--- COLLECTED MATERIAL Enclosed Below ---
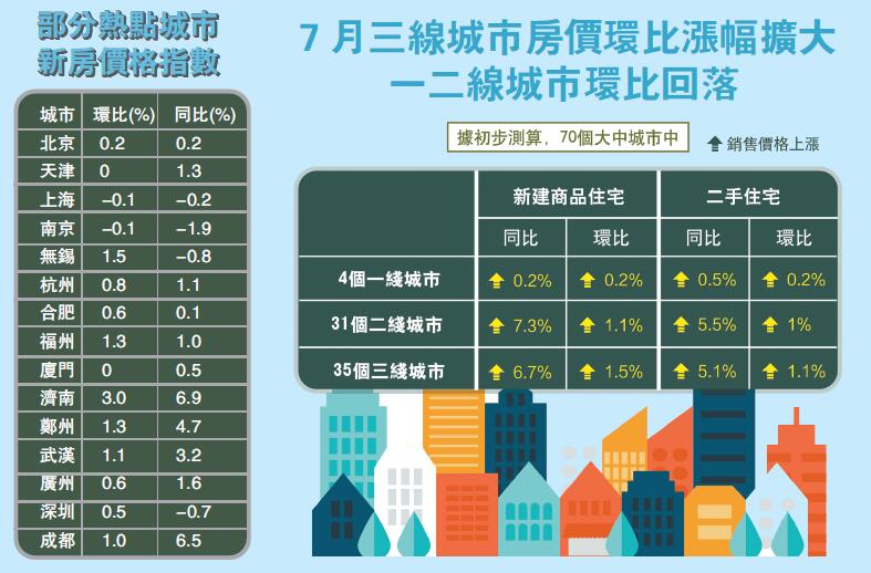昨日,國家統計局發布了7月份70個大中城市商品住宅銷售價格變動情况統計數據。與上月相比,價格上漲的城市達到65個,集中在二三線城市,下降的城市僅有3個,持平的城市有2個。專家表示,目前房地產市場的回暖跡象與棚改貨幣化的餘溫,以及貿易戰造成的陰影有關,近來房地產市場的漲勢有回暖跡象,可以預計下半年的調控還會加碼。香港商報記者伍敬斌
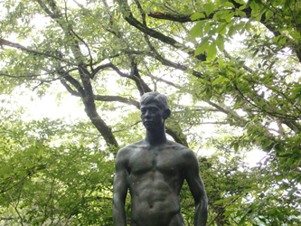 「青年の像」は銅製の、高さ2メートルほどの裸の青年男子の立像である。
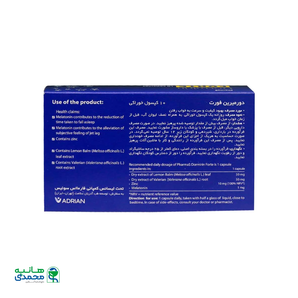 کپسول خوراکی دورمیرین فورت آدریان 10 عددAdrian Dormirin Forte 10 Capsules
--- End of Enclosed COLLECTED MATERIAL ---
• WHAT THE EXERCISE ASKS: Set down the material exactly, every line of it, except for the pictures.

• RESPONSE BOX:
昨日,國家統計局發布了7月份70個大中城市商品住宅銷售價格變動情况統計數據。與上月相比,價格上漲的城市達到65個,集中在二三線城市,下降的城市僅有3個,持平的城市有2個。專家表示,目前房地產市場的回暖跡象與棚改貨幣化的餘溫,以及貿易戰造成的陰影有關,近來房地產市場的漲勢有回暖跡象,可以預計下半年的調控還會加碼。香港商報記者伍敬斌
 「青年の像」は銅製の、高さ2メートルほどの裸の青年男子の立像である。
 کپسول خوراکی دورمیرین فورت آدریان 10 عددAdrian Dormirin Forte 10 Capsules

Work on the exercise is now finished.